Counting Physical Therapy In
Like chiropractic care, a primary goal of physical therapy is to heal and treat without relying on drugs and therapy. One of the chief differences is that physical therapy is more closely associated with mainstream medicine and is even prescribed by medical practices before and after surgery.
PT (and chiropractic care, for that matter) goes back to ancient times when massage and the relief that comes from water that we now call hydrotherapy are believed to be used by Greek physician Hippocrates, known as the father of medicine. In a sense, you could say he is also the father of physical therapy. However, it took centuries before PT was regarded as accepted health care, although one element, fitness training, pre-dates it by centuries. PT went mainstream with the polio epidemic in the 1940’s and 1950’s when manual therapy techniques were used to help restore muscle function.
The modern physical therapist is also trained in massage, but specialties now include post-operative care, orthopedic, cardiovascular and neurologic and pulmonary rehabilitation. Those specialties are usually just that, and few physical therapy practices provide treatment in all of these areas.
Integrating Multiple Therapies
Physical therapists and chiropractors can work together under the same roof, so to speak, to provide integrated care.
Dr. Brad Butler, Chief of Staff at Oakland Spine & Physical Therapy believes that “physical therapy is probably the best thing out there for treating the muscular components of the spine.” It is also critical for functional improvements, postural improvements, flexibility and strength.

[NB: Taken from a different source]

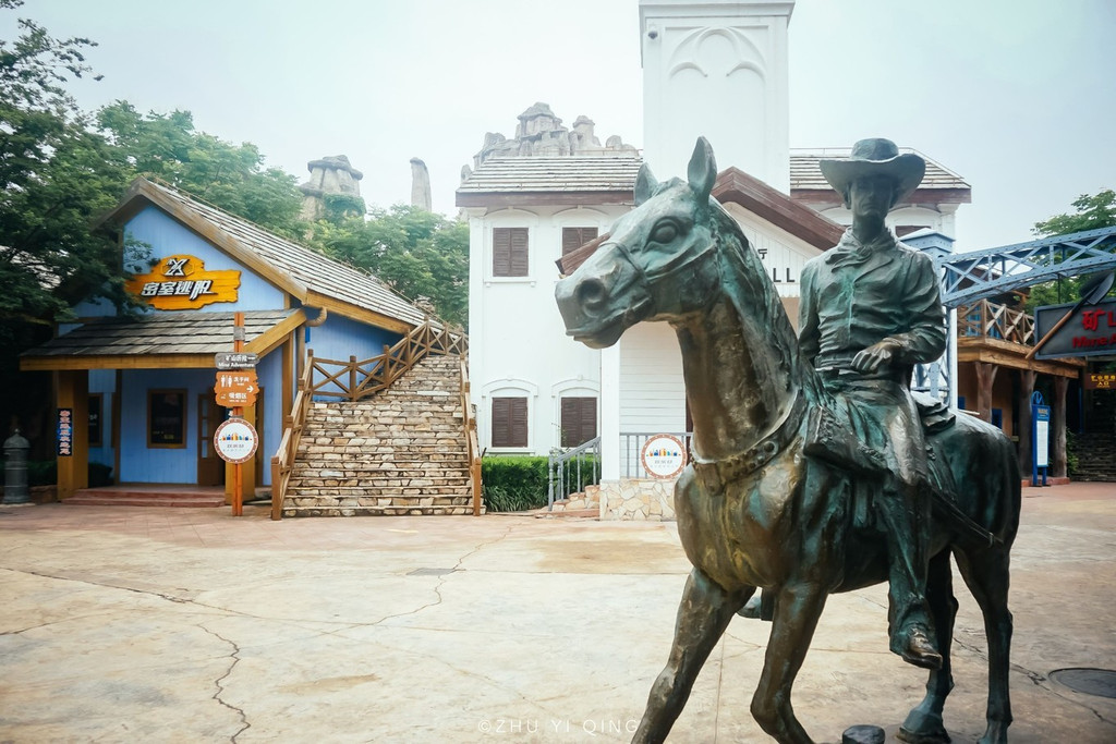 金矿镇主题园区则是以200多年前的北美金矿小镇为主题,园区里有废旧的火车、简陋的住房、老旧的淘金机器、矿洞、塔架等建筑,来到这座主题区,就是开启一场淘金之旅,在这里还有一座瞭望台,可以看尽整个欢乐谷的全貌。
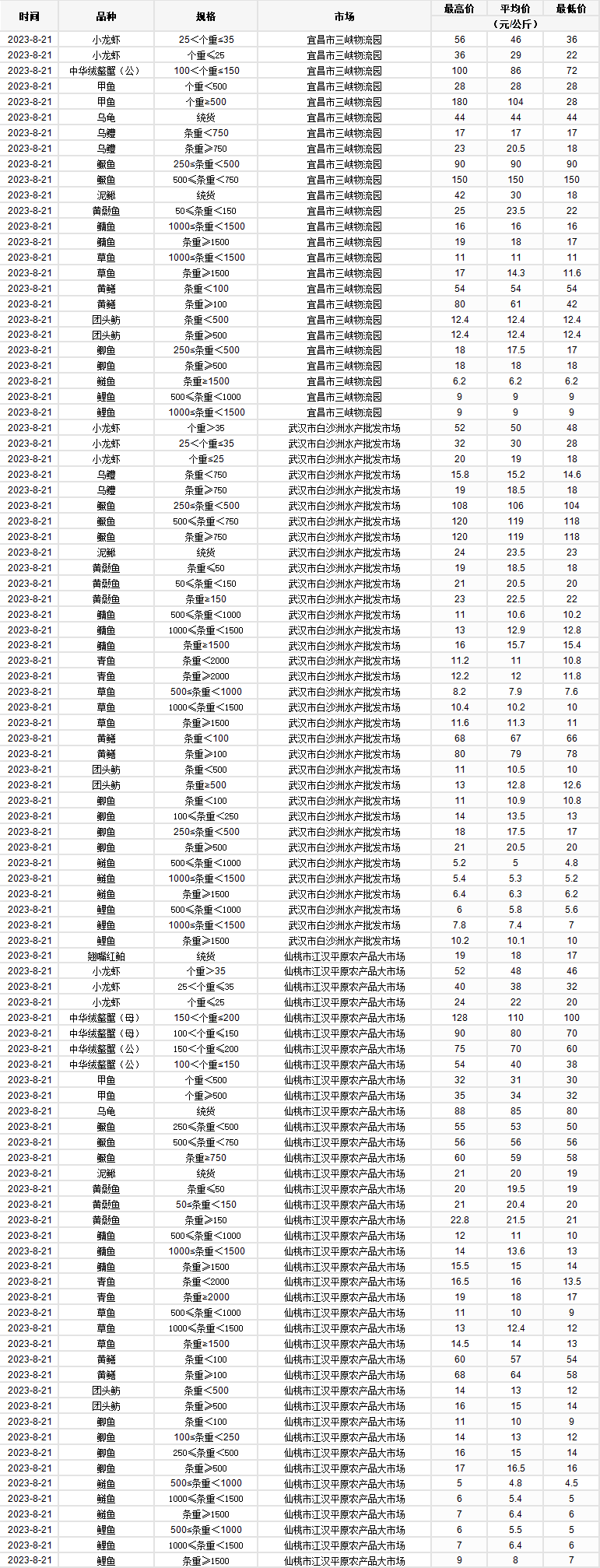 2023年8月21日 行情|湖北省主要水产品价格明细

“However, the big difference between hospital-based physical therapy, a stand alone physical therapy center, and an integrated center like ours, is the applied philosophy of what works best,” Dr. Butler reports. “We believe that integrated physical therapy with other therapies lead to a faster and more comprehensive patient response.”
The American Physical Therapy Association (APTA) explains that PTs examine each care recipient (“patient” is generally not used because it applies to medical care) and “develop a plan using treatment techniques to promote the ability to move, reduce pain, restore function, and prevent disability.” In addition, PTs develop fitness programs for individuals as a means to maintain or improve mobility, as well as ensuring more active and healthier lifestyles with programs they can follow on their own. In post-operative therapy, for instance, care continues after leaving PT via programs the individual can use on his or her own.
There are obviously many similarities between PT and chiropractic care, and the integration of the two healing disciplines is a natural transition under the all-encompassing umbrella of health care.